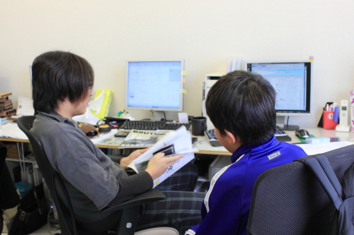 午後は実際に計画中の、東京のマンションをリノベーションするプロジェクトのプランを考えてもらいました。途中休憩しながらマサルからインテリアデザイン、エイジから建築材料やデザインの話をしてもらいました。
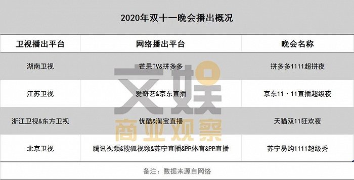 今年双十一晚会的架势,完全不属于历届的跨年和春晚,同时有四台晚会直播,无论是对于卫视平台还是视频网站,都实属罕见。
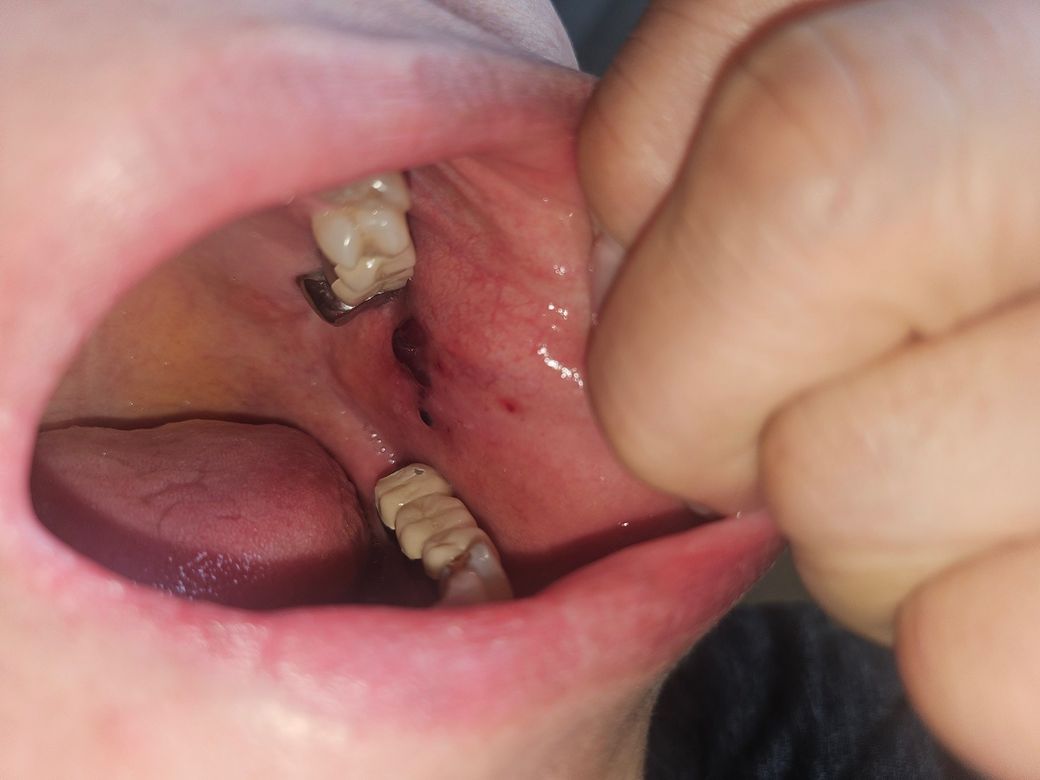올려주신 사진으로 미루어 음식물을 씹는 과정에서 점막이 같이 씹혀 생긴 상처로 생각됩니다.
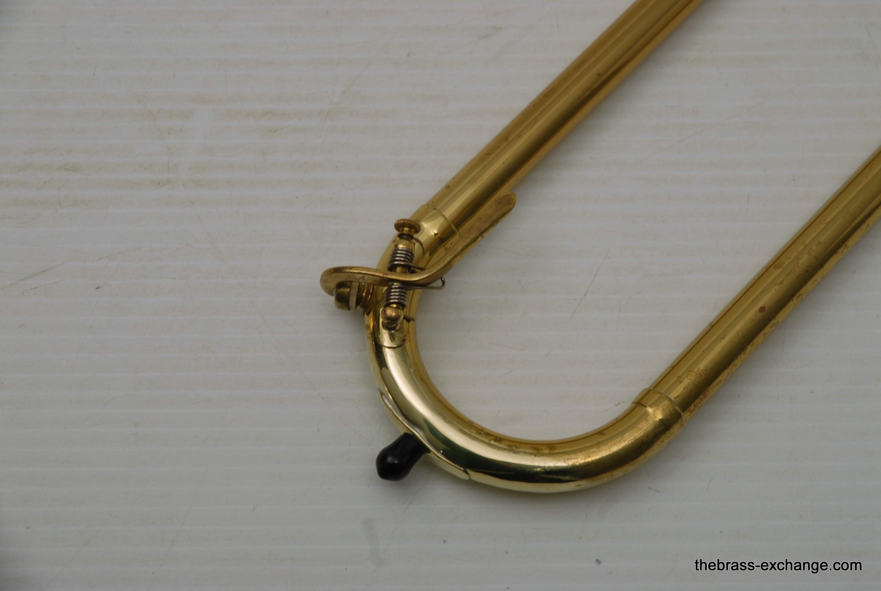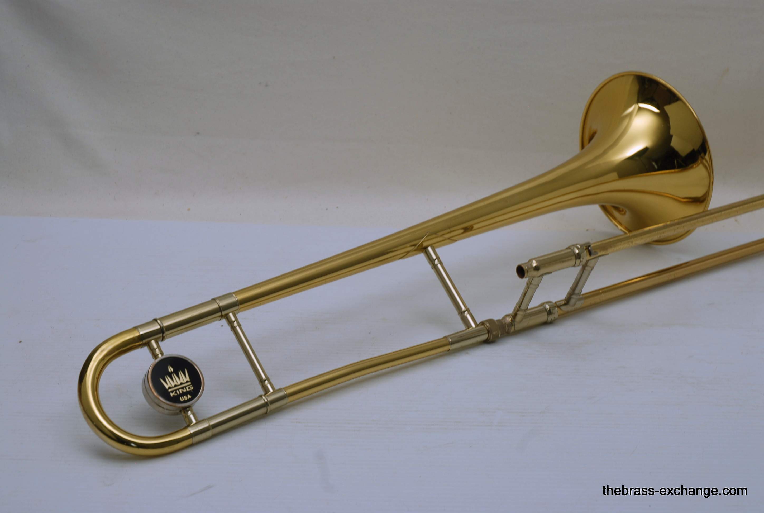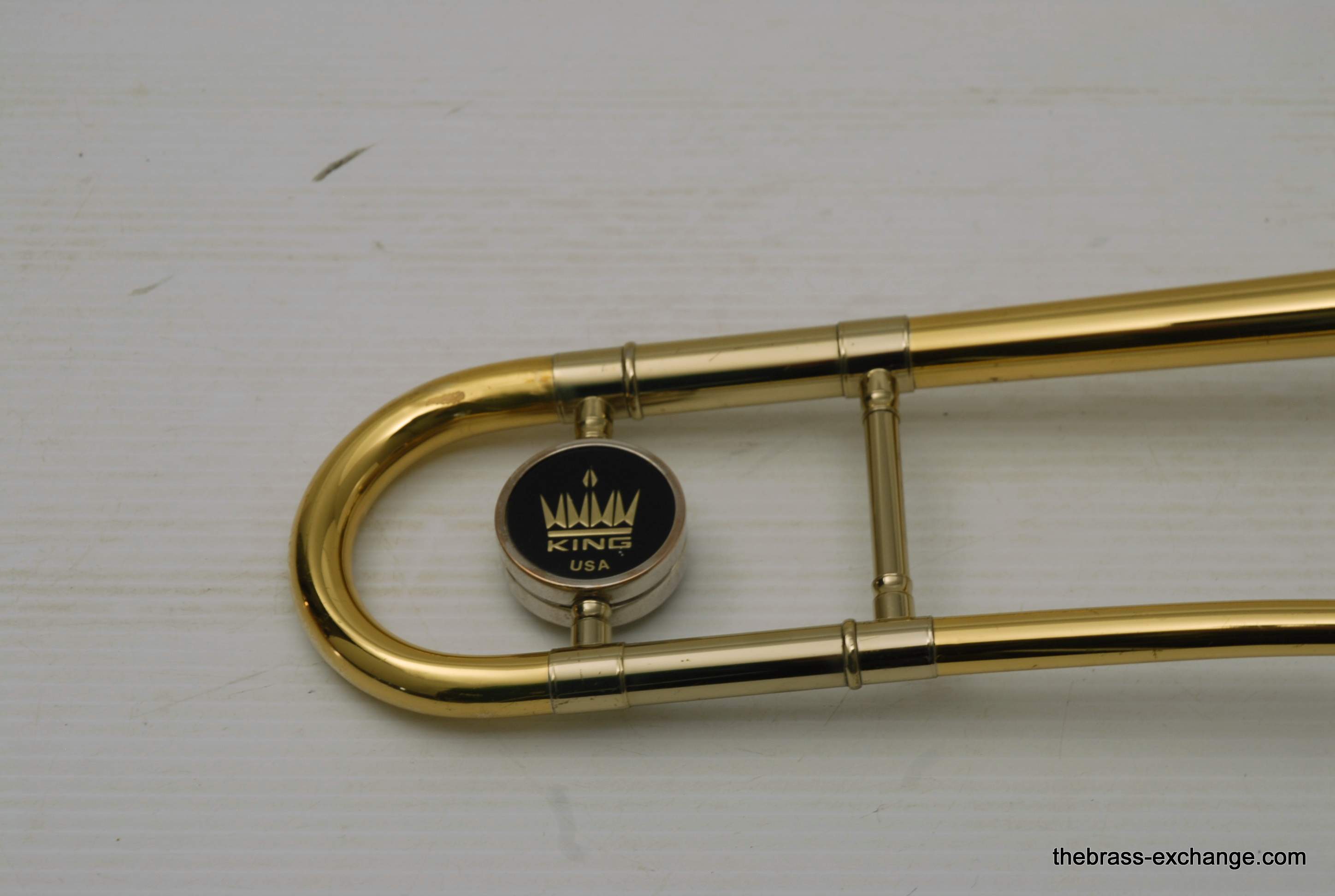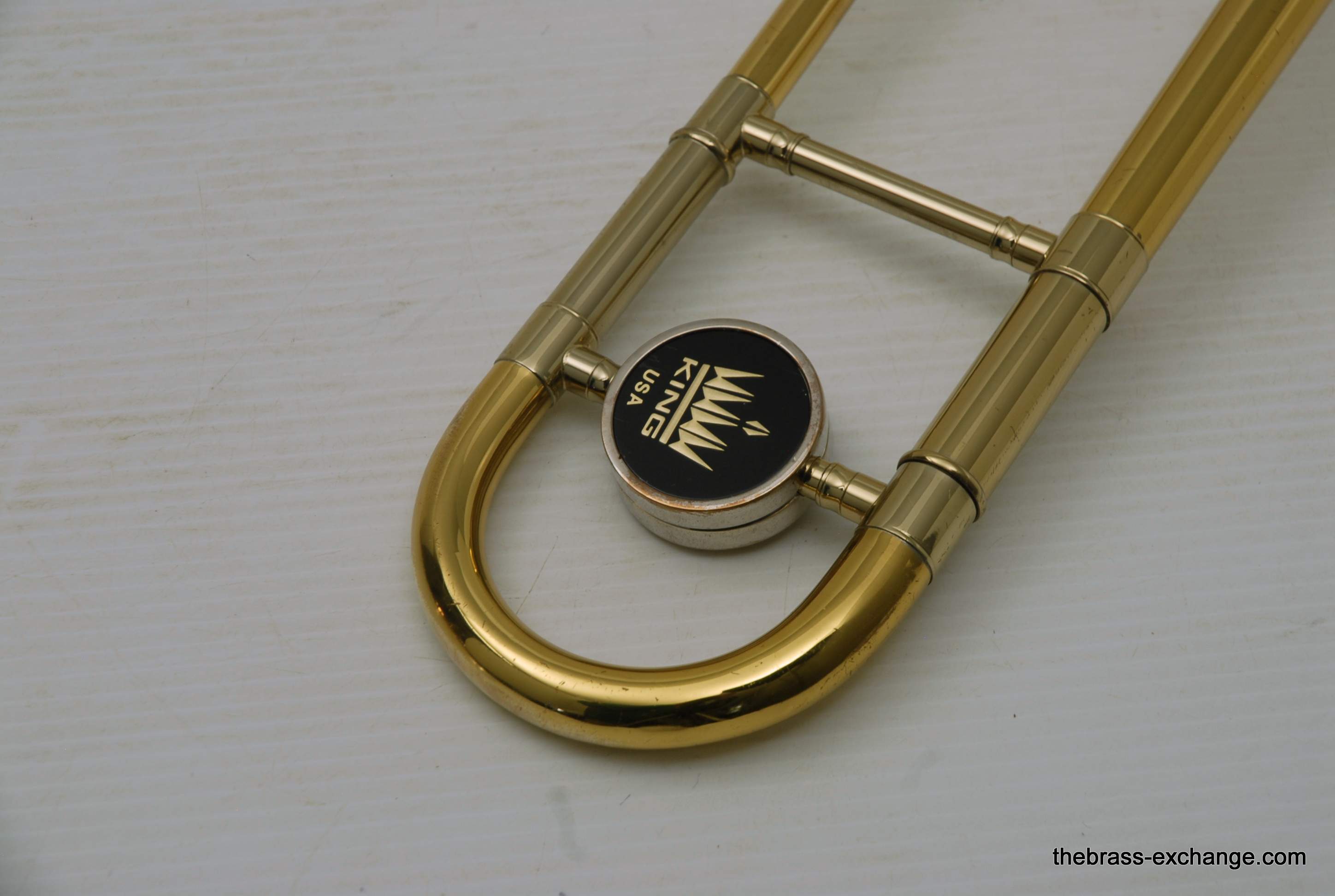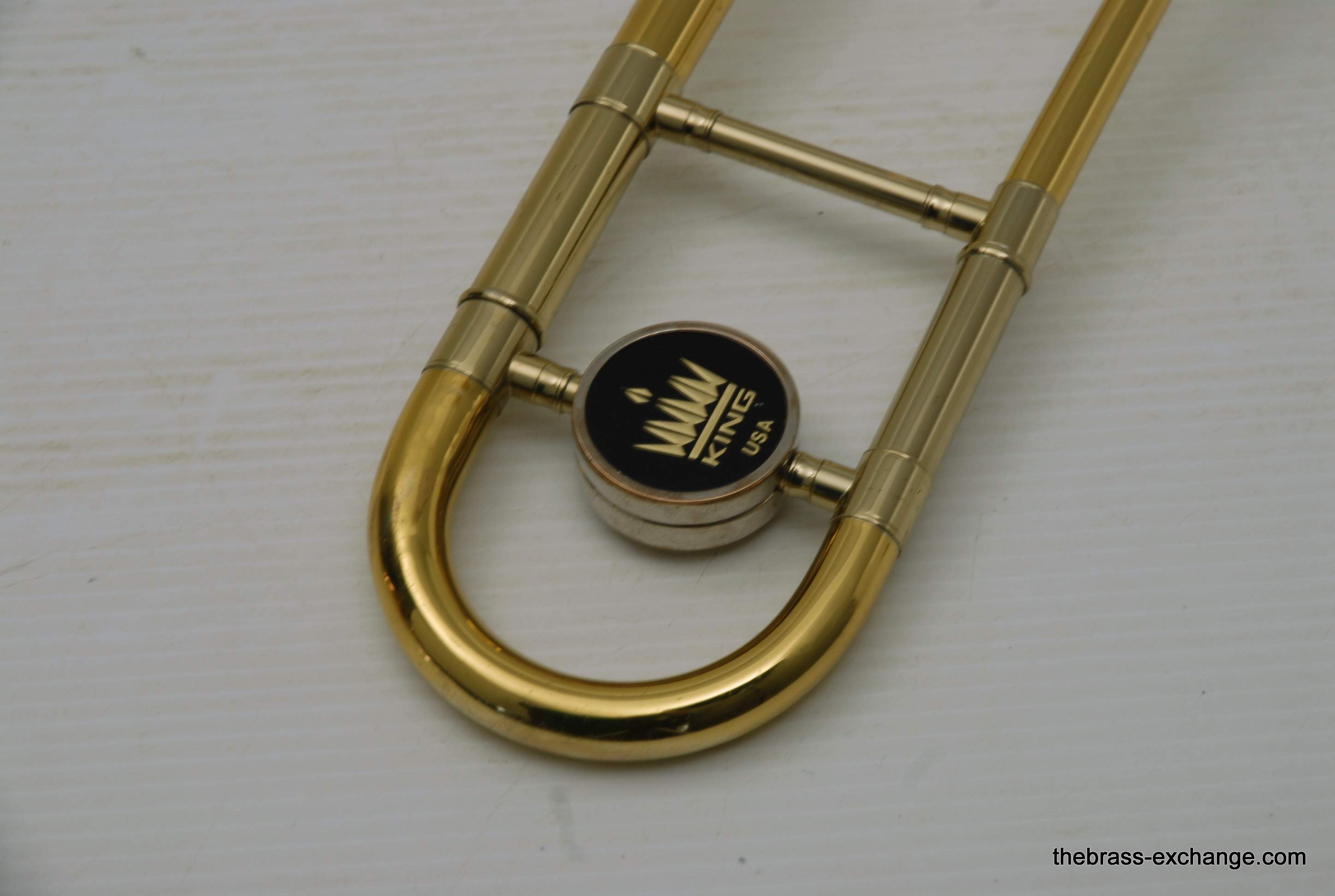 King 606 Trombone.  Single owner pre-owned.  Has had full shop service with chemical bath.  No dents or dings, no previous damage or repair.  Has great slide and plays 100%.  Lacquer wear is minimal, has very bright appearance. This model is one of the most popular student trombones of the last 40 years.  Specifications are 8" yellow brass bell, .500 bore lighweight brass slide.  Small shank mouthpiece.  Any young player that has to carry his instrument any distance will appreciate the light weight ergonomic design of this outfit.  Includes mothpiece and Yamaha Trombone Slide Lubricant.  In-stock for immediate delivery.  Is ready to play out of the box.
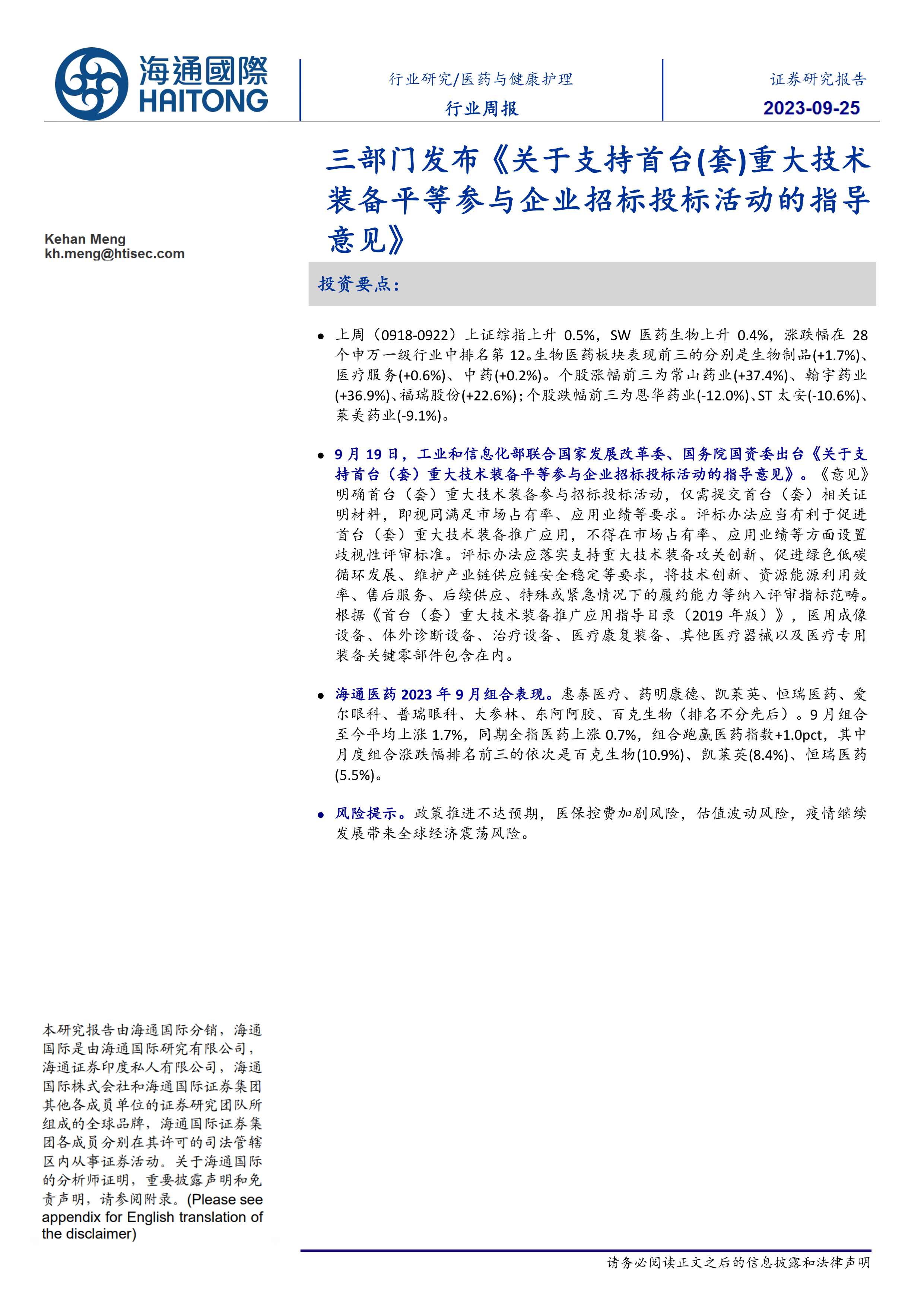本报告对上周医药生物板块行情、国家政策对医疗器械行业的影响以及海通医药9月组合表现进行了分析。总体而言,医药生物板块表现稳健,国家政策利好医疗器械行业发展,部分个股表现突出。然而,投资者仍需密切关注政策风险、医保控费风险以及全球经济波动风险,谨慎投资。 报告数据主要基于Wind和海通国际的数据,时间截至2023年9月22日。 需注意,报告中提及的个股涨跌幅仅供参考,不构成投资建议。
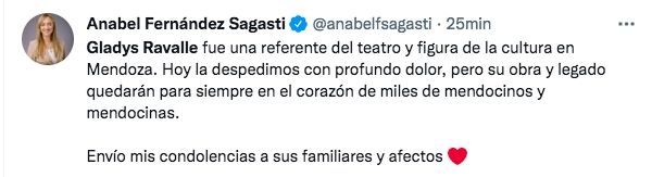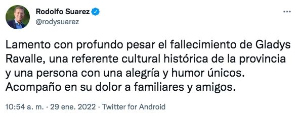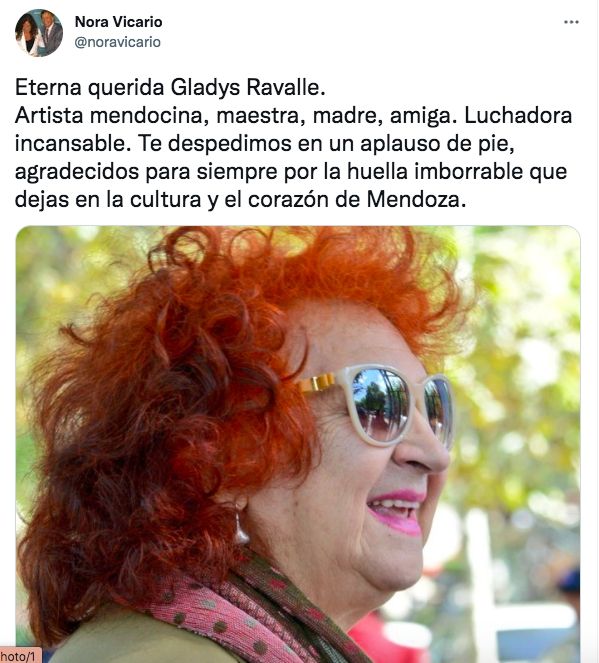 "Lamento con profundo pesar el fallecimiento de Gladys Ravalle, una referente cultural histórica de la provincia y una persona con una alegría y humor únicos. Acompaño en su dolor a familiares y amigos", expresó en su cuenta de Twitter el Gobernador de Mendoza Rodolfo Suarez.
_ _ _ _ _ _ _
Task requirements: Where pictures appear, omit them, and transcribe exactly, with nothing else, the lines from the line with "King 606 Trombone.  Single" through the final line of the records above, both ends included.

Completed task:
 King 606 Trombone.  Single owner pre-owned.  Has had full shop service with chemical bath.  No dents or dings, no previous damage or repair.  Has great slide and plays 100%.  Lacquer wear is minimal, has very bright appearance. This model is one of the most popular student trombones of the last 40 years.  Specifications are 8" yellow brass bell, .500 bore lighweight brass slide.  Small shank mouthpiece.  Any young player that has to carry his instrument any distance will appreciate the light weight ergonomic design of this outfit.  Includes mothpiece and Yamaha Trombone Slide Lubricant.  In-stock for immediate delivery.  Is ready to play out of the box.
本报告对上周医药生物板块行情、国家政策对医疗器械行业的影响以及海通医药9月组合表现进行了分析。总体而言,医药生物板块表现稳健,国家政策利好医疗器械行业发展,部分个股表现突出。然而,投资者仍需密切关注政策风险、医保控费风险以及全球经济波动风险,谨慎投资。 报告数据主要基于Wind和海通国际的数据,时间截至2023年9月22日。 需注意,报告中提及的个股涨跌幅仅供参考,不构成投资建议。
 "Lamento con profundo pesar el fallecimiento de Gladys Ravalle, una referente cultural histórica de la provincia y una persona con una alegría y humor únicos. Acompaño en su dolor a familiares y amigos", expresó en su cuenta de Twitter el Gobernador de Mendoza Rodolfo Suarez.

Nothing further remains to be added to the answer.